Full Supreme Court to hear Bradley appeal

No date set for second round of arguments
Delaware Supreme Court will hold a second round of oral arguments in Lewes pediatrician Earl Bradley's appeal, this time before a full panel of five justices. A three-justice panel heard arguments in the case June 13. BY RYAN MAVITY
June 20, 2012

A full panel of the Delaware Supreme Court will hear the appeal of Lewes pediatrician Earl Bradley, who is seeking to overturn his conviction on child rape charges.

No further briefing is scheduled. Attorneys for Bradley and the Attorney General’s Office will present oral arguments to a panel of justices without Justice Randy Holland, who was disqualified.  Chief Justice Myron Steele designated Judge Leo Strine of the Court of Chancery to replace Holland.

No reason was given for Holland’s disqualification, and no date has been set to hear the arguments.

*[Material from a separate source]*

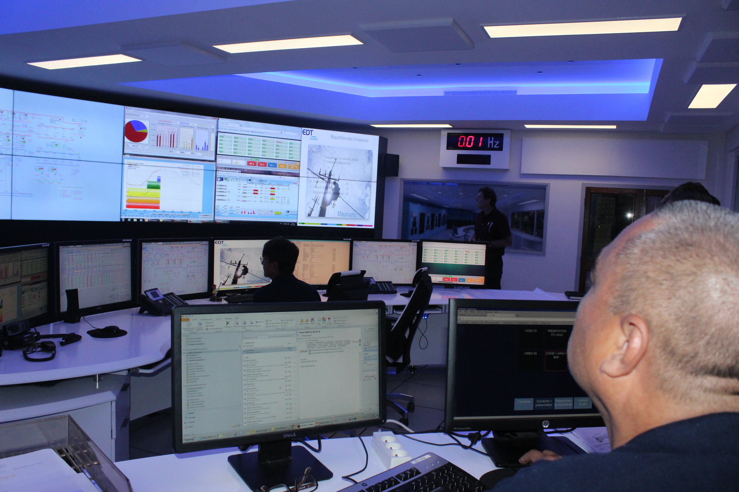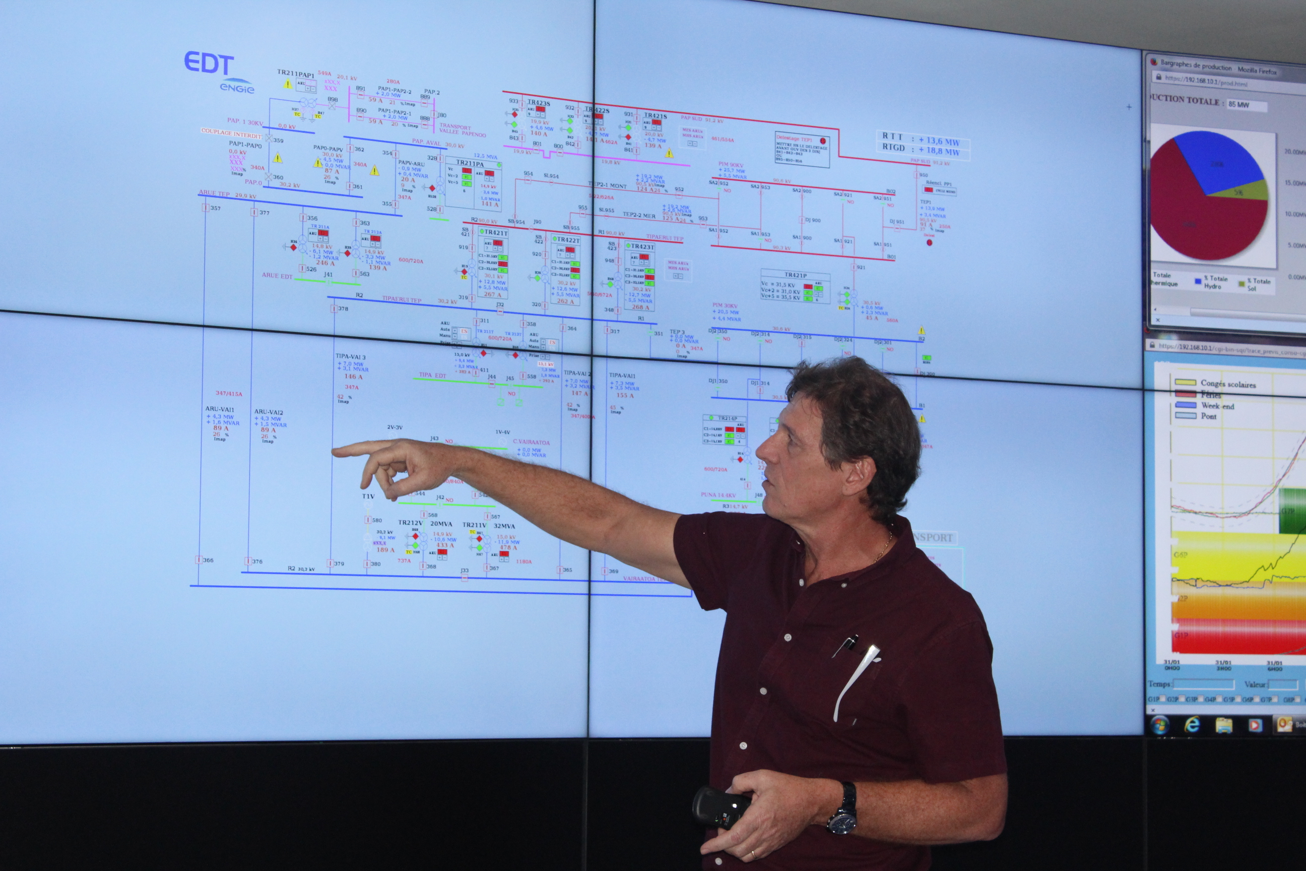 Côté, production, en 2016, l'électricité à Tahiti était composée de 60.3% d'énergie thermique, de 34.4 % d'hydroélectricité et de 5.3 % solaire, avec 1640 installations photovoltaïques sur le réseau électrique. Il faut souligner qu'EDT Engie a l'obligation par le gouvernement de placer en priorité les énergies renouvelables dans la limite d'écoulement du réseau. L'énergie solaire, produite par intermittence en fonction du soleil et des nuages qui aiment parfois jouer au chat et à la souris, corse la donne. Et à ce jeu-là, le dispatcher doit faire preuve de vivacité et de réactivité.

Bradley’s attorneys are seeking to overturn his conviction on 24 counts of rape, assault and sexual exploitation of a child involving 86 patients. On June 13, a three-justice panel consisting of justices Carolyn Berger, Jack Jacobs and Henry duPont Ridgely heard oral arguments from Bradley’s attorney, Robert Goff, and from Deputy Attorney General Paul Wallace.

Goff argued that video evidence showing Bradley sexually assaulting a child – collected from the checkerboard-painted outbuilding at Bradley’s BayBees Pediatrics office –  was obtained through an illegal search.

The video was on a thumb drive found still connected to Bradley’s computer. A Delaware State Police search warrant specified they were to look for medical files related to eight patients. Goff said the warrant did not specify what a medical file was, and that the computer thumb drive with the incriminating video was not labeled or accessible by staff, so it could not be a medical file.

The state has argued that the search was within the bounds of the warrant and that once they found video evidence of child pornography, they obtained a second warrant. Wallace said it was not unreasonable for police to think Bradley would store medical files on his computer.

Bradley, who was not present for the June 13 arguments, is serving 14 life sentences and 164 years in prison at the James T. Vaughn Correctional Center in Smyrna.